For the remaining transcripts, a single Ct value was calculated as the mean of the two technical replicates. One practical issue with large-scale transcript expression data is that, due to technical problems (inoperative primers, defective chips on the array or excluded technical replicates), such data sets usually contain missing values, whereas subsequent analysis requires a complete data matrix. The R package ‘VIM’ was therefore used to calculate the percentage of the missing values per transcript, after removing two inoperative internal control primers, 11 other tissue-limited primers, dilution test samples and the complete set of ‘isolated’ samples (not included in the main analysis, see above). In this refined dataset including expression value of 142 samples against 62 SFP transcripts, missing values amounted to 6.2% of the potential total, but were somewhat unequally distributed across the different transcripts: more than half of these missing values were for just four transcripts, and the rest were seemingly randomly distributed across the remaining transcripts and seemed also not to be biased towards particular genotypes and/or environments. Therefore, we excluded only the four most negatively affected transcripts. To overcome the limitation of missing data, the remaining missing values were then imputed using the R package missMDA, which uses the regularized iterative principal component analysis (PCA) algorithm to estimate the missing values based on the available data (Josse and Husson 2012).

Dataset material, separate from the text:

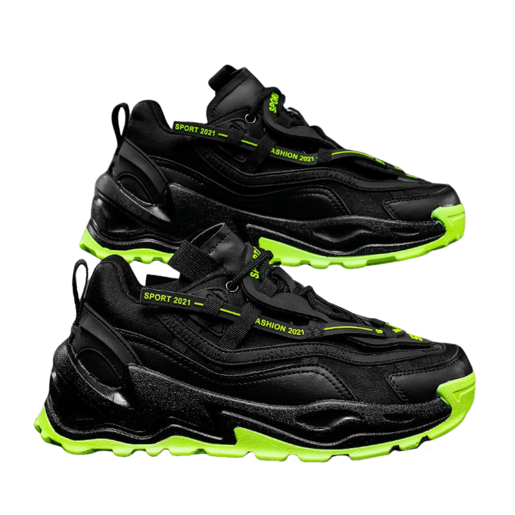 O Tênis Blaze Racer não foi feito para quem quer passar despercebido. Inspirado na estética techwear e na cultura urbana noturna, ele traz um design robusto e cheio de camadas, destacado pelo contraste elétrico entre o preto profundo e o solado verde neon. O mais impressionante? Tudo isso pesando apenas 220g.

Finally, relative expression for each transcript was calculated as the efficiency-calibrated relative expression ratio (Pfaffl 2001), using the germ cell-related gene macpiwi as an internal control (Pfister et al. 2007). macpiwi was chosen from among the seven housekeeping genes—which also included macactin (Pfister et al. 2007), hsp90, actp, tubb, cox4 and gapdh (Plusquin et al. 2012). Primer pairs of gapdh and tubb that were published by Plusquin et al. (2012) did not work sufficiently with the Fluidigm instrument. To select an appropriate control from among the remaining transcripts, we first determined which of these internal control candidates was the most stably expressed across the different mating group sizes. While expression of macpiwi and hsp90 did not show significant differences between mating groups, expression of cox4 changed only slightly and the other two transcripts showed significant differential expression which makes them unreliable internal controls for this experiment (macpiwi: t(140) = 1.58, P = 0.12; hsp90: t(140) = 1.49, P = 0.14; macactin: t(140) = 2.31, P = 0.02; actp: t(140) = 2.14, P = 0.04; cox4: t(140) = 1.96, P = 0.04). Additionally, Pearson correlation coefficients were calculated between each target transcript and each potential internal control, and the average correlation was found to be highest for macpiwi (r(mean) = 0.60 ± 0.16), further supporting its relative stability. The calibrator was chosen from the isolated samples, taking the sample with the lowest Ct value from among all isolated samples and all transcripts (Pfaffl 2001). In total, we quantified the expression of 58 transcripts for 142 individual worms (70 pairs and 72 octets).

Statistical analyses

All statistical analyses were performed with the R statistical software, version 3.2.3 (R Development Core Team, 2013).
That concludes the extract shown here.